Table 5. Utilities Revenue
Revenue: Due to the timing of utility billing, the amounts above reflect eight months of charges for
services revenue (i.e. base charges, water sales, sewer services, recycled water sales, etc.) or about 66%
of the fiscal year. Relative to projected revenues for fiscal year 2023-24, charges for services are at
$31,534,000.00 or 68% of what was budgeted and are on track to meet expected revenues. Year-over-
year charges for services reflect about a $1,800,000 or 6% increase and are consistent with the rate
increases approved by R-11427 and R-11428. The remaining actual and budgeted revenues are generally
lumpy or comprise a very small percentage of expected revenues. An example of lumpy revenue is the Cal
OES Grants for flood mitigation infrastructure at the WRRF ($1,500,000 budgeted). Examples of other
expected, but smaller revenues include interest on investments, various permits, and sales of surplus
assets.
2
Updated Q3 Budget Report Page 9
Table 6. Utilities Expenditures
Expenditures: Currently, there is one significant variance in utilities expenditures to highlight. The
Contract Services budget for the Sewer Fund is currently $862,000 or 67% overbudget. This overspend is
a result of Water Resource Recycling Facility (WRRF) emergency expenses due to construction sequencing
constraints and mercury remediation. In short, residual mercury was encountered during the demolition
of a legacy wastewater treatment system that required unexpected expenditures to address, and
sequencing constraints at the facility resulted in solids accumulation beyond the WRRF’s processing
capacities, which created odors that required additional remediation. Staff obtained Council authorization
to add budget for these expenses from Sewer Fund Undesignated Capital (Completed Projects) via R-
11487. Once these approved changes are implemented, the variance will be addressed. Staff continue to
monitor Other Operating Expenses and Utilities accounts due to highly volatile inflation in electric service
and chemical costs. Staff foresee being able to cover any overages in these accounts with underspend in
other accounts. It is normal and expected that contract services and other operating expenses track above
75% because annual purchase orders are set up at the beginning of the year and the funds are considered
“Obligated” from that point forward. Staffing should track at a consistent level and the actuals seen above
are due to staffing vacancies and subsequent savings during staffing transitions.
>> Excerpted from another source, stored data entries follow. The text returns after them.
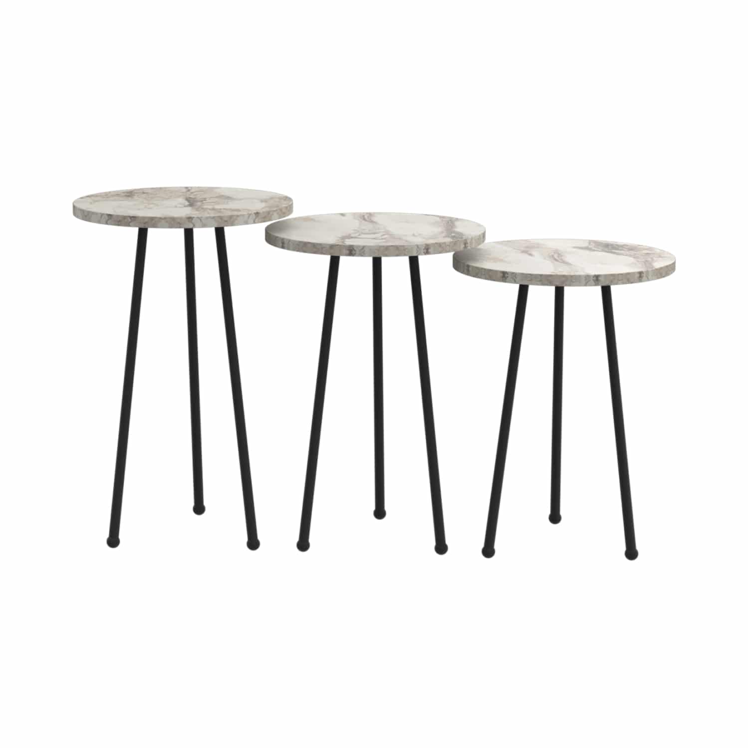 Τα 3 βοηθητικά στρογγυλά τραπεζάκια ΚISSA ήρθαν για να κλέψουν την παράσταση με το στυλ και την πρακτικότητά τους. Η επιφάνειά τους είναι από μελαμίνη 18mm σε όψη ΛΕΥΚΟΥ ΜΑΡΜΑΡΟΥ, ενώ τα πόδια τους είναι συμπαγή μεταλλικά σε ΜΑΥΡΟ χρώμα. Το χαρακτηριστικό τους είναι ότι έρχονται σε 3 διαφορετικά ύψη εξυπηρετώντας κάθε ανάγκη στον χώρο του σαλονιού.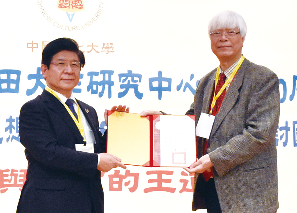 開幕式中,為感謝池田先生長期致力於推動國際文化、學術交流的卓越貢獻,文大董事長陳泰然特地頒贈「感謝狀」給池田先生,由創大校長鈴木將史代表接受,林釗理事長、研究生部、大學部代表在場觀禮。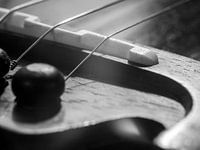 Close up van de brug van een akoestische gitaar in zwart wit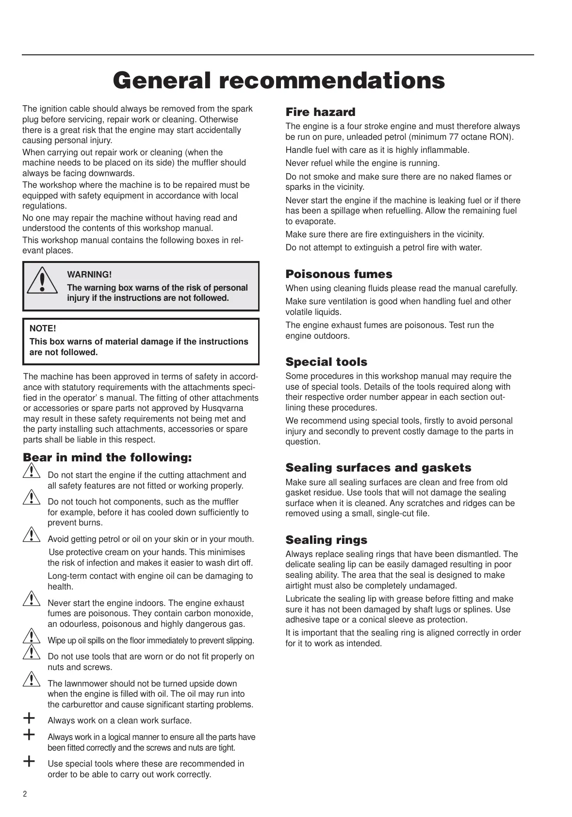 ! Never start the engine indoors. The engine exhaust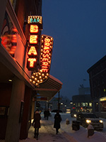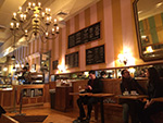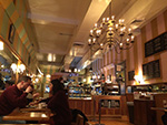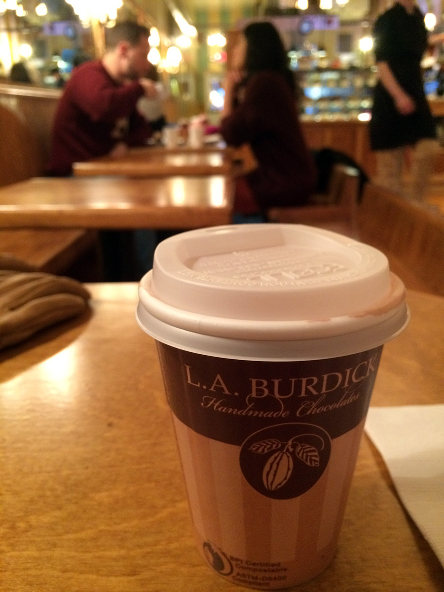 when we finally arrived at l.a. burdick we thought it was closed but a sign outside informed us they were indeed open for business (though closing early at 7pm). it was still fully staffed, about half a dozen young employees. their boss really must not care too much about their safety on such a treacherous travel day, or the boss figured busy would be good on such a snowy and cold day. it was actually somewhat crowded, with no available tables, so we ordered our hot chocolates to go, but not before a few tables opened up, encouraging us to stay instead. karen got the dark hot chocolate, i got the milk hot chocolate. at $5 for a small it was pretty decadent but the perfect drink for the early february blizzard of 2017. i'd never been to l.a. burdick before, it's a nice little cozy place. if i ever have visitors during the winter and it snows, i'll be sure to bring them here for hot chocolate.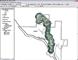 \Chuckanut\JPGFiles\WASP83NFH and inspect the background image. This graphic was registered, resampled, and clipped from a high-resolution image provided by Skagit County GIS. Although it is pixilated, this image can make the relationships between residents, vegetation, and the access road more apparent.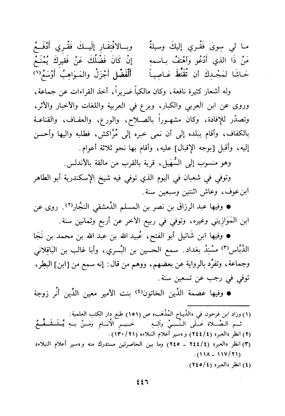 [3] انظر «العبر» (4/ 244- 245) وما بين الحاصرتين مستدرك منه و «سير أعلام النبلاء» (21/ 117- 118) .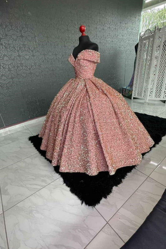 Pink Shiny Sequins Elegant Long Ball Gown Evening Dress Graduation Ball Gown gh3112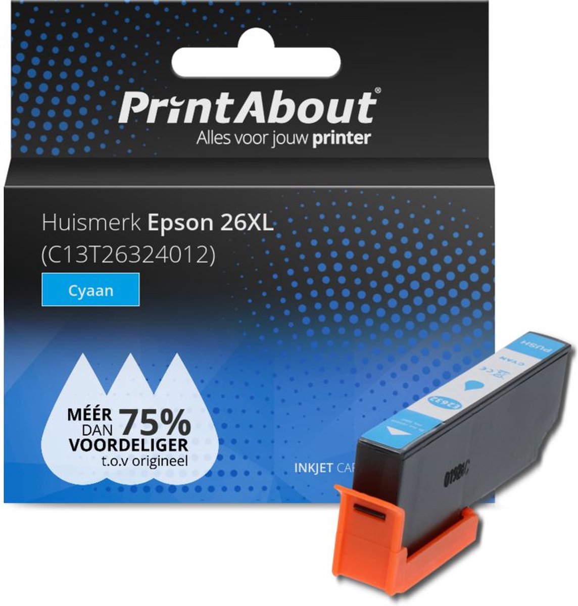 Met de Huismerk Epson 26XL (C13T26324012) Inktcartridge Cyaan Hoge capaciteit bespaar je direct op jouw printkosten. De Huismerk Epson 26XL (C13T26324012) Inktcartridge Cyaan Hoge capaciteit bevat meer inkt ten opzichte van het origineel. Hierdoor dalen jouw printkosten aanzienlijk. Je bespaart in totaal 75% per afdruk ten opzichte van de originele inktcartridge. Eigenlijk krijg je dus standaard korting als je kiest voor het PrintAbout huismerk.

Updated Q3 Budget Report Page 10
Parking Fund
The tables below include third quarter actuals for FY 2023-24 compared to budget.
Table 7. Parking Revenue
Revenue: Revenue from on-street and surface parking lot areas is tracking higher than budgeted which is
likely due to conservative forecasts for the rate increases that took effect July 1, 2023. Revenue from
citation payments is also tracking higher than budgeted. Enforcement related revenue is difficult to
accurately forecast because it is reliant on individuals to violate state and local laws and for an officer to
be present to issue a citation for said violation. Revenue from investments is also tracking higher than
budgeted because it is unknown at the time the budget is adopted what rate of return the City will realize.
Parking structure revenue is tracking low even after being adjusted at Mid-Year to account for the
reestablishment of first hour free program and establishing free Sunday parking in the structures, as
approved by Council in November 2023. Recent occupancy studies conducted as part of the Parking Rate
Study revealed lower than typical utilization of the parking structures which may be contributing to the
lower than anticipated revenue. A rate study is underway and expected to be presented to the City Council
in May 2024 to consider potential adjustments to parking rates and other operational modifications,
which may alter future fiscal year revenue projections.
Table 8. Parking Expenditures
Expenditures: Contract Services and Other Operating Expenditures are tracking higher than budget mostly
due to increased adoption of mobile payment among users. There have been over 200,000 mobile
application (app) transactions (all credit card based) in the first eight months of FY 2023-24, in which the
City incurs credit card merchant fees. In addition, credit card payments represent over 90% of revenue
collected at the pay stations and at the parking meters. At Mid-Year budget review, the credit card
merchant fees budget was increased from $205,590 to $390,590 to account for continued and significant
digital payment adoption. However, through the first eight months of FY 2023-24, credit card merchant
fees were averaging $45,170 per month with a projected year-end of $542,000. Additionally, execution of
the Parking Communications Plan has required more resources than originally budgeted , as well have
expenditures for out-of-warranty repairs to pay stations and charging stations, regulatory signs and
Updated Q3 Budget Report Page 11
signposts for new enforcement areas, and maintenance equipment for the parking structures. These
actual costs have been reflected in adjustments to the FY 2024-25 budget that will be presented as part
of Budget Supplement.
Transit Fund
The tables below include third quarter actuals for FY 2023-24 compared to Budget. The “Actuals” column
includes both costs that have already been incurred and costs that are obligated on purchase orders.
Table 9. Transit Revenue
Revenue: The Transit program saw a modest year over year decline in transit fare revenue. Fare revenue
is vital to secure State Transit Development Act (TDA) funds which require 20 percent of the programs’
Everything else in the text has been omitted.